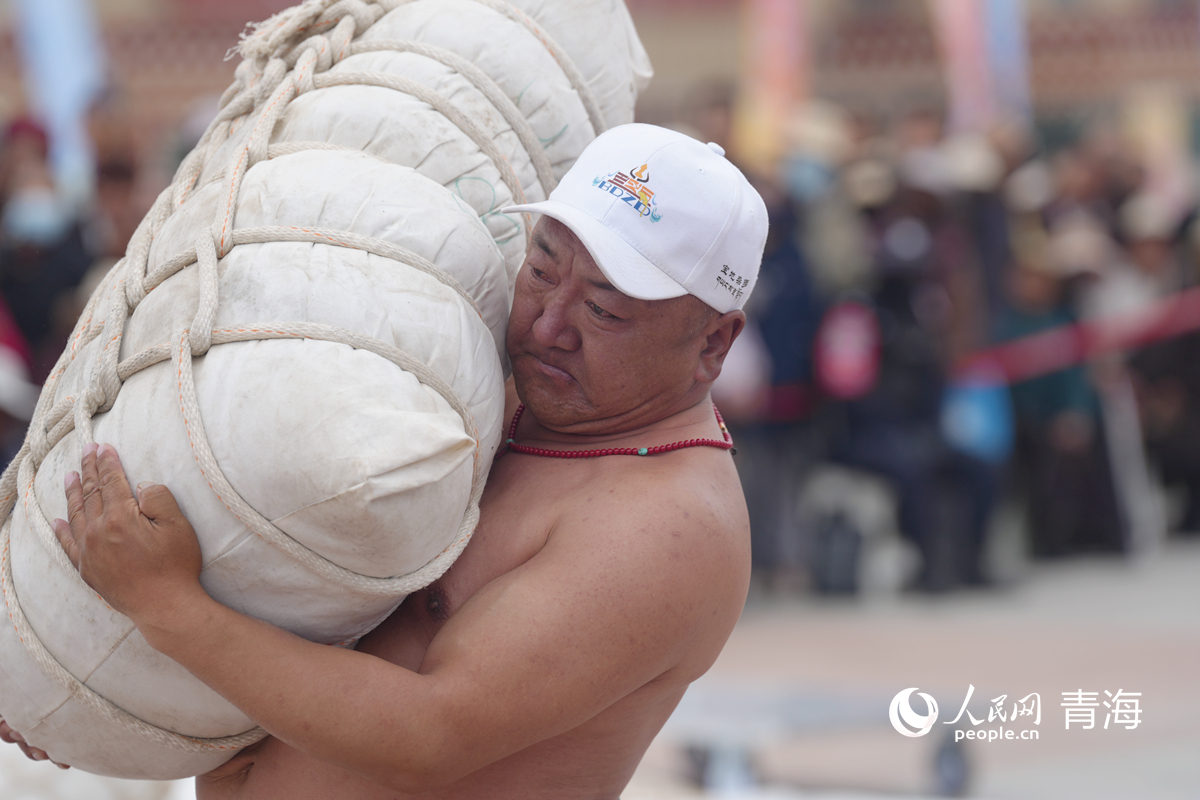 舉沙袋是少數(shù)民族傳統(tǒng)體育運(yùn)動會的重要項目之一。藏族群眾在生產(chǎn)生活中需扛起重物放到牛鞍、馬鞍上,逐漸演變出這項運(yùn)動。(楊啟紅、陳晶、實習(xí)生孟啟昇)
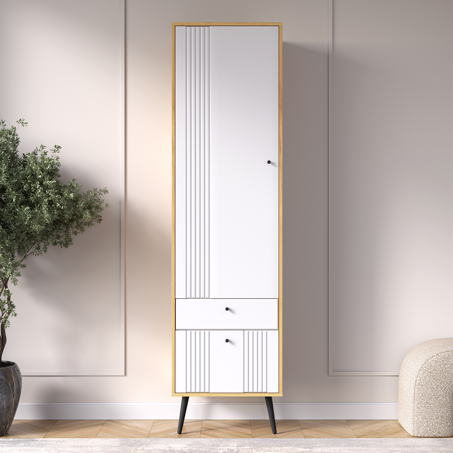 Пенал «Вега Саксония» – это стильное и функциональное решение для хранения одежды и аксессуаров в любом помещении вашего дома, будь то спальня, прихожая или гостиная. Пенал оснащен надежными распашными дверцами, практичными полками из ЛДСП, удобным выдвижным ящиком для размещения различных мелочей или белья. Петли дверей для вашего комфорта оснащены доводчиком, а металлические ножки имеют высоту 20 см, благодаря чему уборка в доме не составит труда.
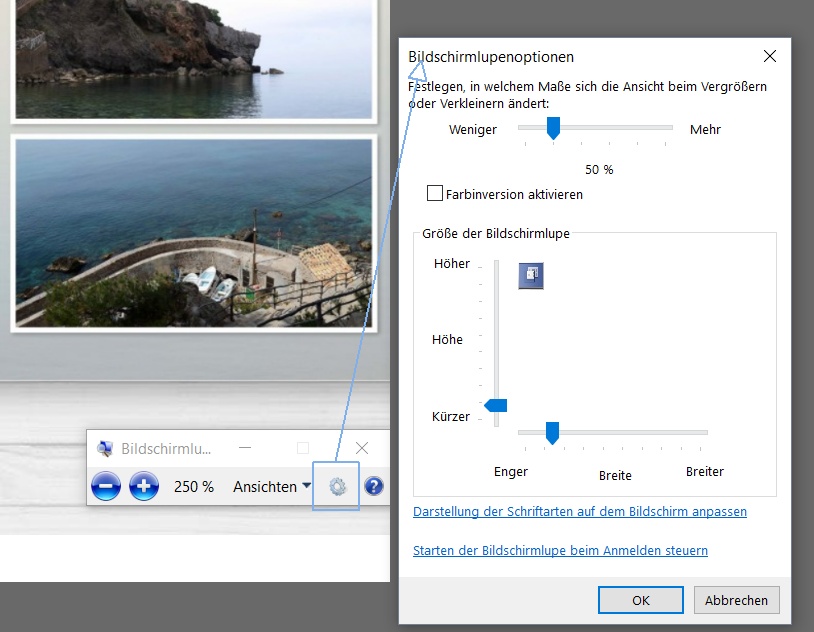 Ich verwende daher bei Bedarf die windows Bildschirmlupe. Man kann sie per Tastenkürzel aktivieren: Mit der Windows-Taste und + aktiviert und steuert man sie in der Größe (bzw. [Win]+[-] ). Mit [Win]+[Esc] schaltet man sie wieder aus. Dabei wird allerdings auch die Vollbildansicht des Kundenbeispiels ausgeschaltet. Im Einstellungen-Dialog (über das kleine Lupensymbol erreichbar), kann man verschiedene Optionen einstellen. Ich habe in "Ansichten" "Lupe" eingestellt und bei "Optionen" 50%-Schritte. Dann bewirkt jeder plus- oder minus-Klick eine 50%ige Vergrößerung. Wenn ich die Ansicht oder die Optionen einstellen will, stelle ich die Lupe zuerst mit [Win]+[-] auf 100%. liebe Grüße
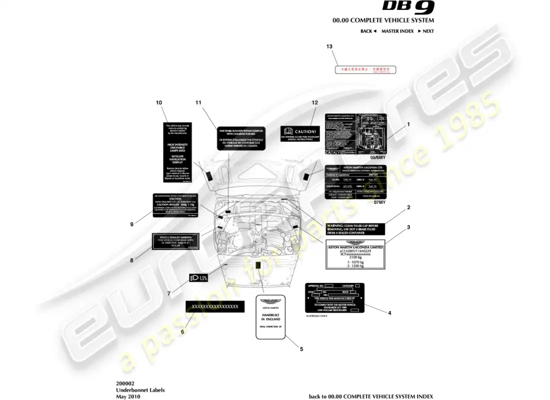 aston martin db9 (2004) módulo de presión de neumáticos diagrama de piezas
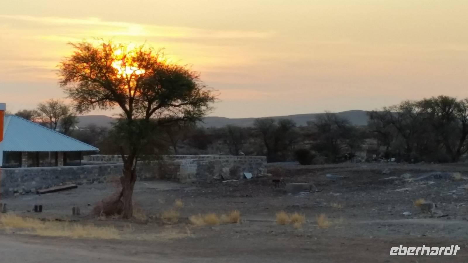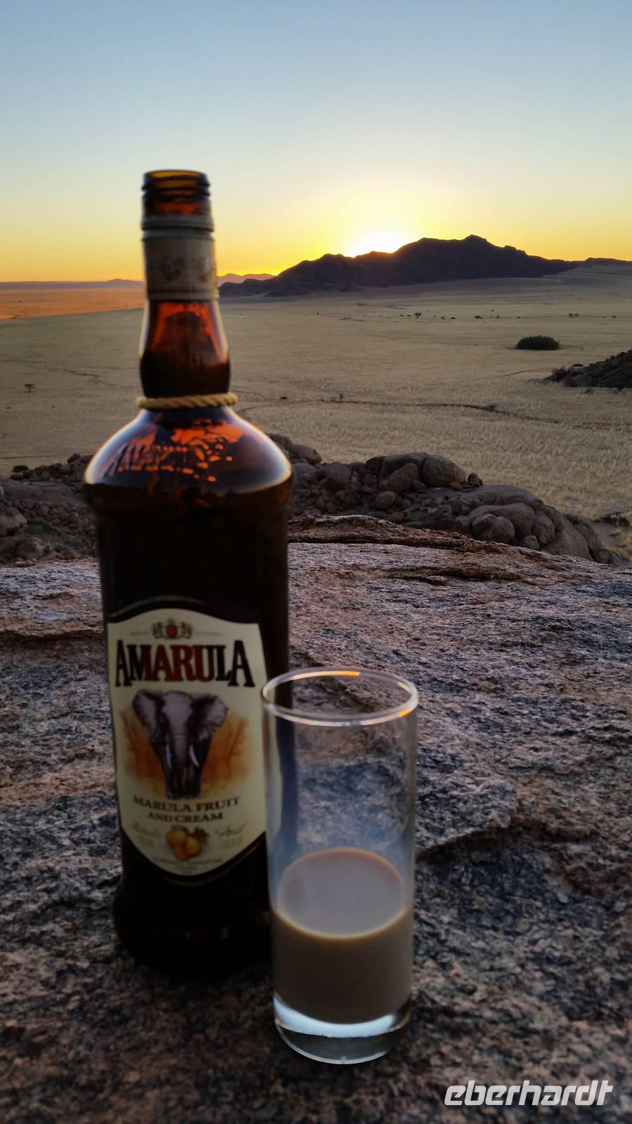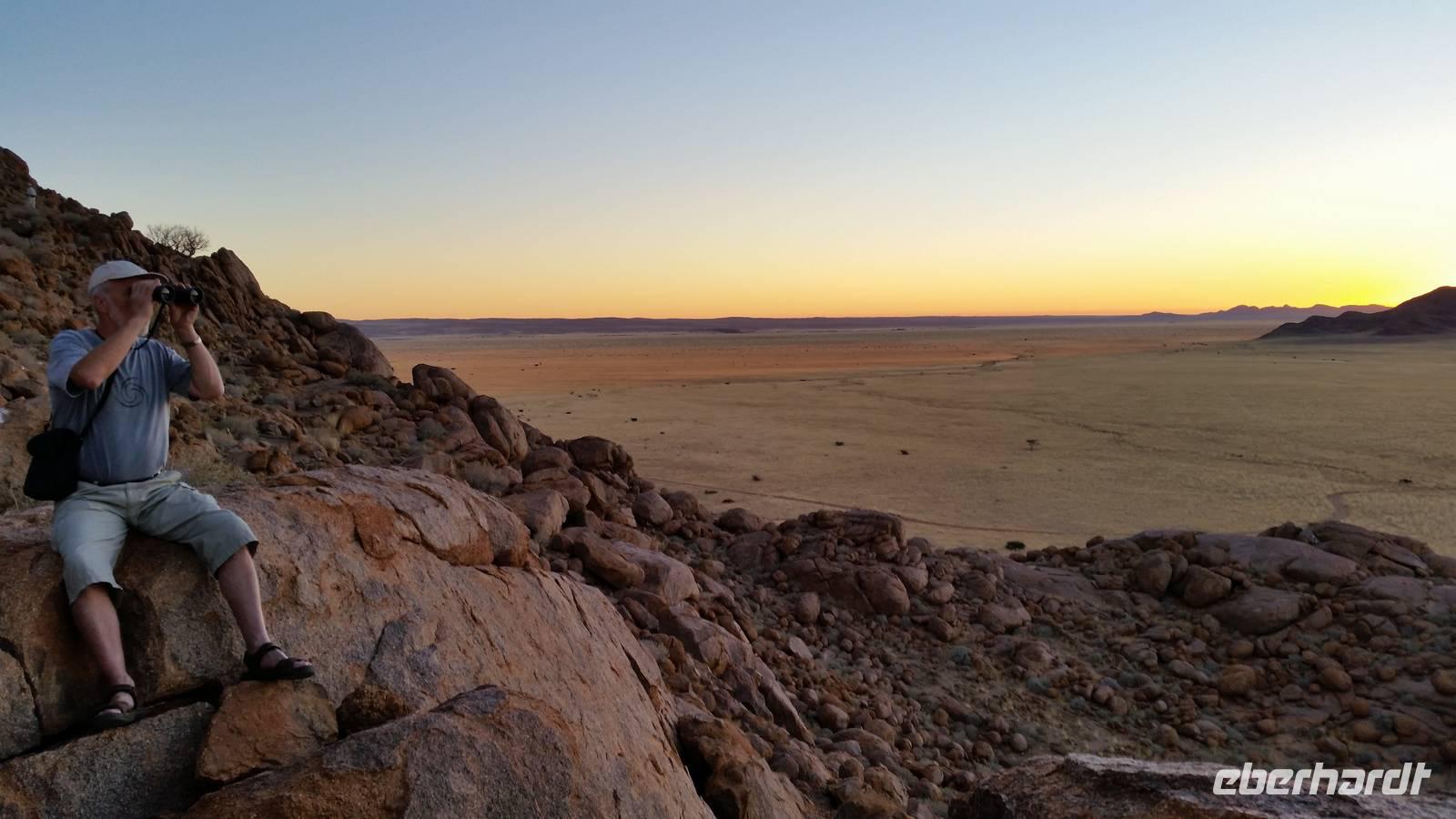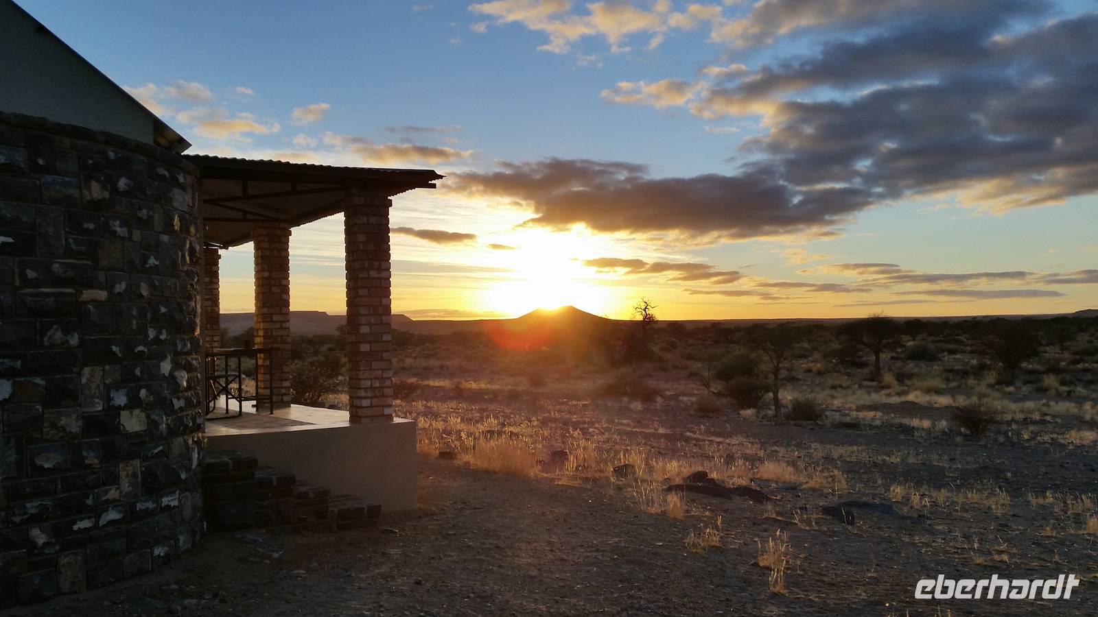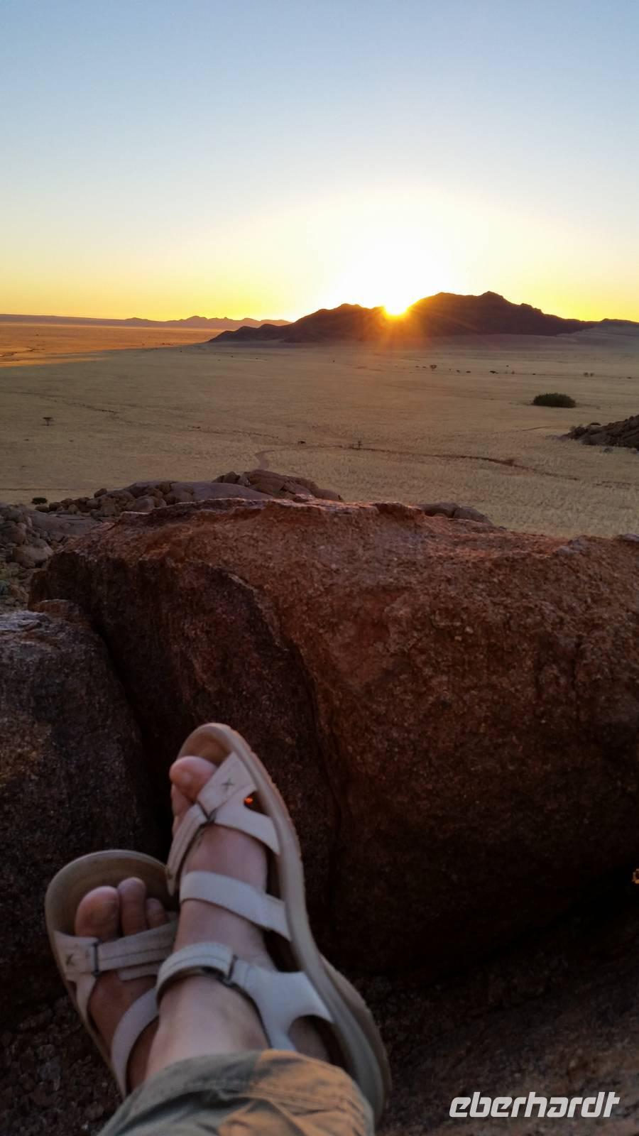 Bevor wir in dem gemütlichen Ambiente der Lodge Alte Kalköfen frühstückten, unternahmen wir noch einen kleinen Rundgang durch das Gelände. Der Besitzer zeigte uns seine „lebenden Steine", den Kalkofen und die liebevoll angelegte Gartenanlage. Zum Frühstück gab es auch auf Grund eines Ehrentages ein Ständchen der besonderen Art und einen kleinen Geburtstagskuchen. Dann machten wir uns auf die Weiterreise über Helmeringhausen, Maltahöhe und Solitaire in unsere Lodge am Rande des Namib Naukluft Parks. Am Abend bestiegen wir den kleinen Hausberg um den Sonnenuntergang zu beobachten. Oben angekommen erzählte uns Tom noch die ein oder andere wahre oder unwahre Geschichte ? und dann stießen wir bei einem Gläschen Amarula auf einen Tag voller eindrucksvoller Landschaften, herzlichen Menschen und tollen Momenten an!
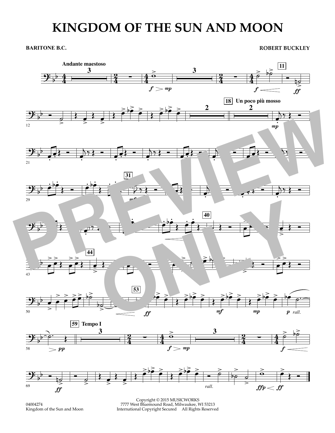 Inspired by an exhibition of historic Peruvian art, Kingdom of the Sun and Moon takes us on a mythical journey reflecting the ancient Inca Empire. This imaginary movie score uses modal melodies, exotic percussion and dramatic orchestration to create an epic music experience. In cinematic style, this work opens with a panoramic picture of the great Inca city of Machu Picchu and ends with a colorful procession towards the Temple of the Sun. Though written for young band, Kingdom of the Sun and Moon's effective scoring gives it the sophisticated sound and intensity of a much more advanced piece. Dur: 3:20
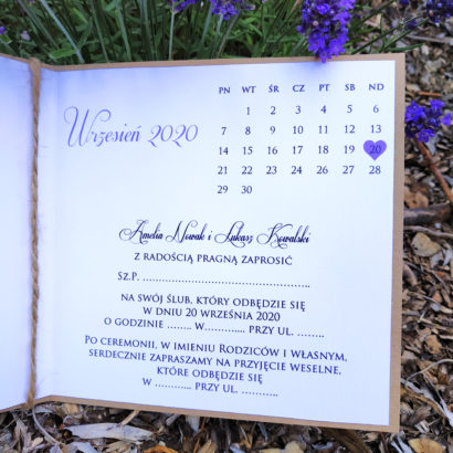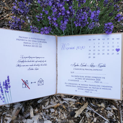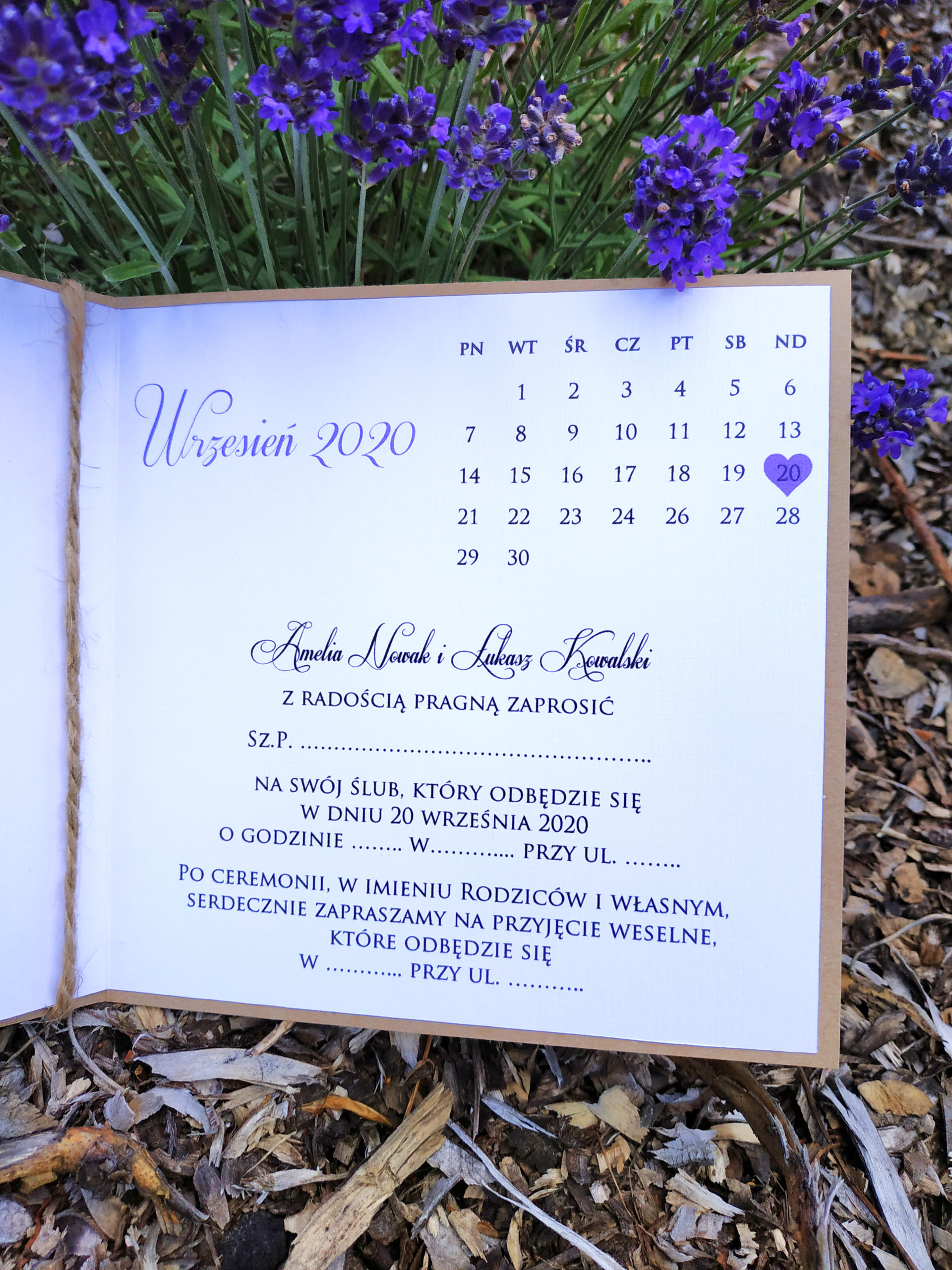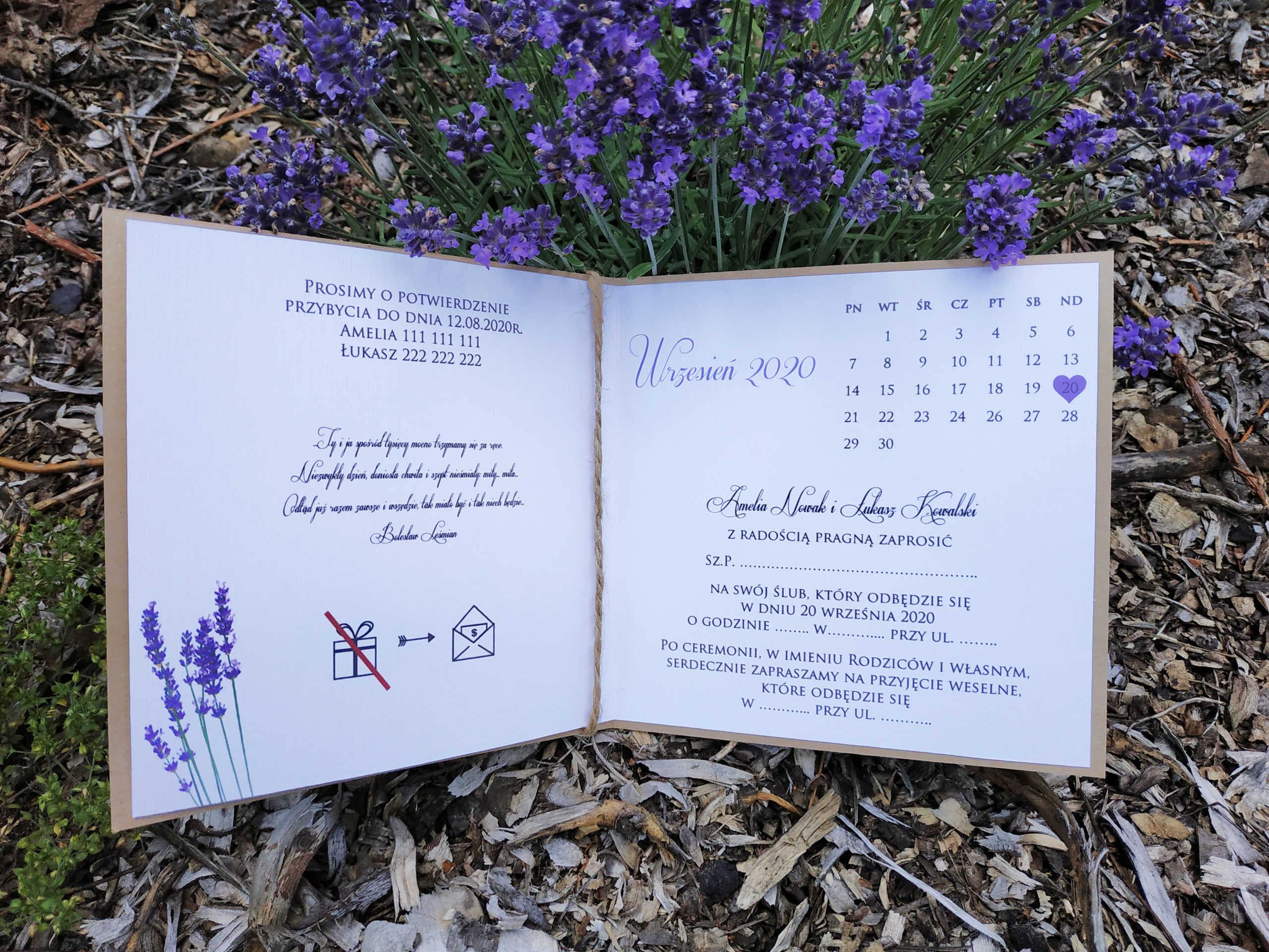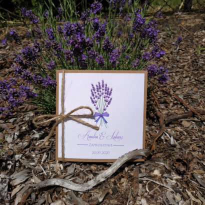 Romantyczne zaproszenie z bukietem kwiatów lawendy. Idealne na wrześniowo – październikowe wesela, gdzie króluje wrzos i lawenda.
__________
Work instructions.
Could you restate every record above word for word, dropping the pictures?

Solved problem.
 舉沙袋是少數(shù)民族傳統(tǒng)體育運(yùn)動會的重要項目之一。藏族群眾在生產(chǎn)生活中需扛起重物放到牛鞍、馬鞍上,逐漸演變出這項運(yùn)動。(楊啟紅、陳晶、實習(xí)生孟啟昇)
 Пенал «Вега Саксония» – это стильное и функциональное решение для хранения одежды и аксессуаров в любом помещении вашего дома, будь то спальня, прихожая или гостиная. Пенал оснащен надежными распашными дверцами, практичными полками из ЛДСП, удобным выдвижным ящиком для размещения различных мелочей или белья. Петли дверей для вашего комфорта оснащены доводчиком, а металлические ножки имеют высоту 20 см, благодаря чему уборка в доме не составит труда.
 Ich verwende daher bei Bedarf die windows Bildschirmlupe. Man kann sie per Tastenkürzel aktivieren: Mit der Windows-Taste und + aktiviert und steuert man sie in der Größe (bzw. [Win]+[-] ). Mit [Win]+[Esc] schaltet man sie wieder aus. Dabei wird allerdings auch die Vollbildansicht des Kundenbeispiels ausgeschaltet. Im Einstellungen-Dialog (über das kleine Lupensymbol erreichbar), kann man verschiedene Optionen einstellen. Ich habe in "Ansichten" "Lupe" eingestellt und bei "Optionen" 50%-Schritte. Dann bewirkt jeder plus- oder minus-Klick eine 50%ige Vergrößerung. Wenn ich die Ansicht oder die Optionen einstellen will, stelle ich die Lupe zuerst mit [Win]+[-] auf 100%. liebe Grüße
 aston martin db9 (2004) módulo de presión de neumáticos diagrama de piezas
 Bevor wir in dem gemütlichen Ambiente der Lodge Alte Kalköfen frühstückten, unternahmen wir noch einen kleinen Rundgang durch das Gelände. Der Besitzer zeigte uns seine „lebenden Steine", den Kalkofen und die liebevoll angelegte Gartenanlage. Zum Frühstück gab es auch auf Grund eines Ehrentages ein Ständchen der besonderen Art und einen kleinen Geburtstagskuchen. Dann machten wir uns auf die Weiterreise über Helmeringhausen, Maltahöhe und Solitaire in unsere Lodge am Rande des Namib Naukluft Parks. Am Abend bestiegen wir den kleinen Hausberg um den Sonnenuntergang zu beobachten. Oben angekommen erzählte uns Tom noch die ein oder andere wahre oder unwahre Geschichte ? und dann stießen wir bei einem Gläschen Amarula auf einen Tag voller eindrucksvoller Landschaften, herzlichen Menschen und tollen Momenten an!
 Inspired by an exhibition of historic Peruvian art, Kingdom of the Sun and Moon takes us on a mythical journey reflecting the ancient Inca Empire. This imaginary movie score uses modal melodies, exotic percussion and dramatic orchestration to create an epic music experience. In cinematic style, this work opens with a panoramic picture of the great Inca city of Machu Picchu and ends with a colorful procession towards the Temple of the Sun. Though written for young band, Kingdom of the Sun and Moon's effective scoring gives it the sophisticated sound and intensity of a much more advanced piece. Dur: 3:20
 Romantyczne zaproszenie z bukietem kwiatów lawendy. Idealne na wrześniowo – październikowe wesela, gdzie króluje wrzos i lawenda.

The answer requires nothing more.